И вот на этом дозволенном разоблачении — единственном, пожалуй, потому что остальных полагалось любить, даже перед мещанами благоговеть, — он и стал самым смелым и популярным, он говорил то, о чём все думали, но — о себе. О своих любовных неудачах, своём эгоизме и тщеславии, своём неприятии всяческих границ — ему, видите ли, неловко не знать Нью-Kорка… Это было половинчатой храбростью, а всё же храбростью; лирика его продиктована прежде всего больной совестью, иногда даже самоненавистью. Он признавался в самом постыдном, в конформизме, в трусости, в стадности — и всё это преодолевал; его ячество было возвращением лирике её изначального предназначения — исповедального. Даже у Вознесенского, человека из священнического рода, проповедь преобладала над исповедью; Евтушенко тоже случалось кидаться в проповедничество, но полюбили его не за это. Полюбили его за то, что он говорил о себе, выставил свою жизнь на всеобщее обозрение, не боялся вызывать сплетни и разносы, и вообще его лирический герой предстал не каменным, не бронзовым и не деревянным — он был исключительно живым. Само собой, Евтушенко часто кокетничал — но было ему знакомо и настоящее отчаяние. Главное же — он потому и стал голосом поколения, что само это поколение было половинчатым и догадывалось о своей, как бы сказать, ненадёжности; но он первый за всех высказал это. «За тридцать мне. Мне страшно по ночам» — это как раз и есть признание в том, что внутри у лирического героя не твёрдый остов, а трясина. Этими признаниями он был ценен; и потому самое главное о крахе этой эпохи сказал тоже он — великий мастер называния вещей своими именами, публичного и даже рекламного проговаривания вслух того, о чём все подумали.
…
Если абстрагироваться от повода, от благородства (или конъюнктурности) этого поступка — а разговоры о конъюнктурности тоже ведутся, причём обычно теми, кто вообще отмалчивается в экстремальных ситуациях, — то это стихи переломные: в них есть уже нечто от позднего, риторического Евтушенко, который в семидесятые очень редко высказывался с той мерой самоубийственной искренности, которая была в ранних вещах.

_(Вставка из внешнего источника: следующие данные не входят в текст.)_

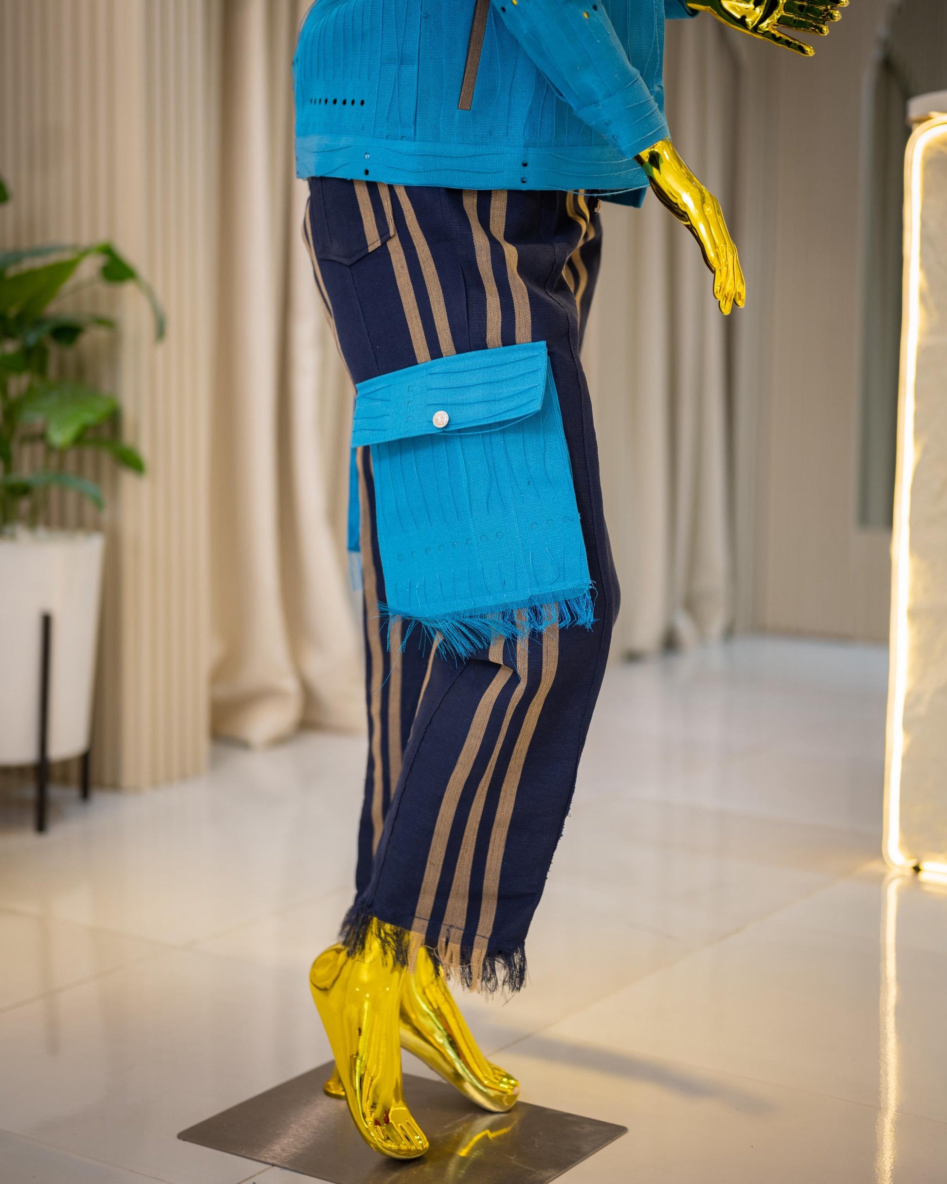Option 2 - Turquoise Blue Jacket + Striped Navy Blue Combat Pant

Непосредственность тут уже почти утрачена, искренность искусственна («в эти танки родные тыкался носом сопливым»: сам жест недостоверен, хоть и понятно, о чём речь). Риторика тут оправданна, но её многовато: после первых двух строф идёт сомнительное в поэтическом смысле «Боже мой, как это гнусно». Следом он как будто набирает прежнюю высоту: охотнорядские хари, которые мы сегодня наблюдаем в таком избытке (это ведь очень легко индуцируется), действительно похожи на помесь Ноздрёва и Беликова, это удивительный синтез наглости и подобострастия, хамства с постоянной трусливой оглядкой, которая вообще присуща культу силы. Ведь на силу всегда есть другая сила, и потому косить по сторонам необходимо, попутно оглядываясь и на начальство: не переусердствовали ли мы в великодержавном шовинизме? Ведь тогда это ещё не очень было принято, интернационализм сохранялся хотя бы для виду, это сейчас наши политические обозреватели и футбольные комментаторы, почти уравнявшись по уровню хамства, только что в открытую не называют нас сверхнацией, а всех остальных недочеловеками; но уже близко.